An example of the feature of preserving inserting order:

>>> ops = { 
...     'step1': 'open the door of refrigerator',
...     'step2': 'push the elephant inside',
...     'step3': 'close the door',
... }
>>> for k,v in ops.items():  # iterating by inserting order
...     print(k, ':', v)
... 
step1 : open the door of refrigerator
step2 : push the elephant inside
step3 : close the door

Two caveats for leveraging the feature of preserving inserting order of dict object:

  1. updating a key does not change its order
  2. deleting a key and re-inserting it moves it to the end

Counter

The Counter class, found in the collections module, is a specialized subclass of dict designed for quickly and efficiently counting hashable objects. We could say this is a built-in counting algorithm in Python.

>>> from collections import Counter
>>> a = 1,2,3,4,3,2,2,3,4,5,6,5,4,3,2
>>> count = Counter(a)
>>> count
Counter({2: 4, 3: 4, 4: 3, 5: 2, 1: 1, 6: 1})
>>> count.most_common()
[(2, 4), (3, 4), (4, 3), (5, 2), (1, 1), (6, 1)]
>>> count.most_common(3)
[(2, 4), (3, 4), (4, 3)]

sort (Timsort)

The built-in sort algorithm in Python is very fast (C speed) and stable.

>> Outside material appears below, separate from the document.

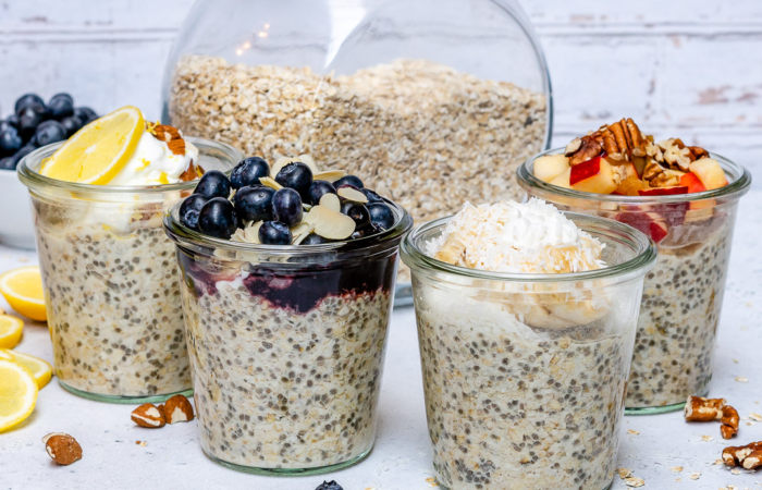 2. Em um vidrinho disponha a mistura de aveia e leite, por cima os cubos de manga, o gengibre e o coco.

Stable means the order of multiple same objects would be preserved after sorting. It’s a critical feature in many scenarios.

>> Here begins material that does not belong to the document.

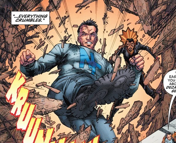 А Тоун сейчас гораздо опаснее – он не только офигенно быстрый, он ещё и может состаривать предметы прикосновением и отбирать способности с помощью особой перчатки! И поскольку его скорость завязана на управлении самим временем, то неважно, насколько быстро бегает Барри – Профессор Зум быстрее. Он уже собирается убить Флэша и откачать его способности – но тут на поле боя появляются Генри Аллен и Магали, и Магали объясняет остальным приспешникам Зума, что тот ими пользуется и лжёт им. Приспешники оборачиваются против Зума, забирают Магали и исчезают с помощью пространственных способностей Складочника (Folded Man), предварительно сломав перчатку для откачки способностей. Зум зовёт их предателями (ага, отнять их силы и убить их планировал Зум, но предатели они), хватает Генри и убегает к дому Алленов, где в прошлом была убита Нора Аллен. Флэш его догоняет – и Тоун раскрывает Генри Аллену, что Флэшем является Барри!

We sometimes call the built-in sort algorithm in Python Timsort to honor the author Tim Peter. It’s a hybrid sorting algorithm combined from inserting sort and merge sort algorithms. Merge sort has a nice time complexity as $O(n\log{n})$. Inserting sort is super fast if the sequence is partially sorted. The best time complexity of inserting sort is $O(n)$. The basic idea of Timsort is to take advantage of partially sorted sequences, called runs, merge runs instead of single element. The time complexity of Timsort is still $O(n\log{n})$ but with a smaller hidden coefficient in most real cases.

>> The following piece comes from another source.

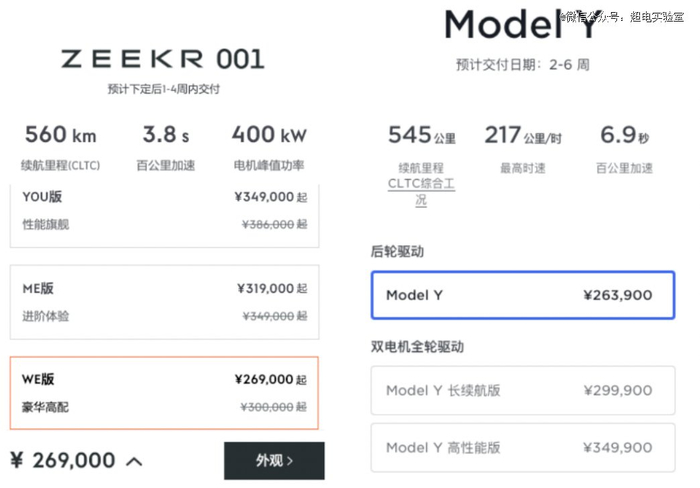 这一轮降价后,极氪001的三款车型售价已经和今天宣布降价的Model Y重合。

Two ways to call Timsort algorithm, sorted and list.sort.

reversed

Built-in function, simple reverse the order of sequence. It’s very useful while looping.

As the name bisect implies, this is the very famous and efficient binary search algorithm. Python’s built-in in search operation has $O(n)$ time complexity on any sequential structure, $O(1)$ on hashing structure (set and dict). In between, bisect provides $O(\log{n})$ time complexity search algorithm on sorted sequence.

Basic useage of bisect module:

>>> from bisect import bisect_left, bisect
>>> a = [1,2,3,3,4,5,6,7,8]  
# bisect gives you the index to insert
>>> bisect(a, 3)  # bisect right
4
>>> bisect_left(a, 3)
2
>>> bisect(a, 7)     
8
>>> bisect_left(a, 7)
7
>>> bisect(a, 10)  # this index is out of range
9
>>> bisect(a, 0) 
0
>>> bisect_left(a, 0)
0

Keep in mind:

  • bisect returns the index (i) where is just the right position of the searching element (e). If returns i, each element in a[i:] is larger than e. The returned i might be out of range.
  • bisect_left returns the index (i) where is just the left position of the searching element (e). If returns i, each element in a[:i] is smaller than e.
  • time complexity is $O(\log{n})$ for both bisect and bisect_left.
  • could only be applied to sorted sequence, no error raised if applied to non-sorted sequence.
  • key parameter is provided since Python 3.10, which is super useful.

Module bisect also offers us two insert methods:

>>> from bisect import insort_left, insort
>>> a = ['a','b','c1','c2','d']
>>> insort(a, 'c0', key=lambda x:x[0])  # insort right
>>> a
['a', 'b', 'c1', 'c2', 'c0', 'd']
>>> insort_left(a, 'c3', key=lambda x:x[0])
>>> a
['a', 'b', 'c3', 'c1', 'c2', 'c0', 'd']

Pay attention:

  • Both insort and insort_left are $O(n)$ operations, just like insert something in the middle of a list.
  • After inserting by insort or insort_left, the order keeps, even for those elements with same value. No element would be inserted in between of elements with same values.
  • Could Only be applied to mutable and sorted sequences.

One useful scenario of binary search: You have a sorted sequence, and you need to put all elements into a few ordered bins. Each bin represents a range, and each range might not have the same width, but you could get all edge points. Instead of taking out each element and comparing with all edge points, you could employing binary search algorith to search each edge point in the sorted sequence to get split indices. Once you get all split indices, you’ve successfully separate the sorted sequence into each bin.

heapq (Priority Queue)

Python’s heapq module is an implementation of priority queue algorithm. It is stored in a list and min-heap implmentation, which means the top element ([0]) is the smallest one. It is the base for queue.PriorityQueue.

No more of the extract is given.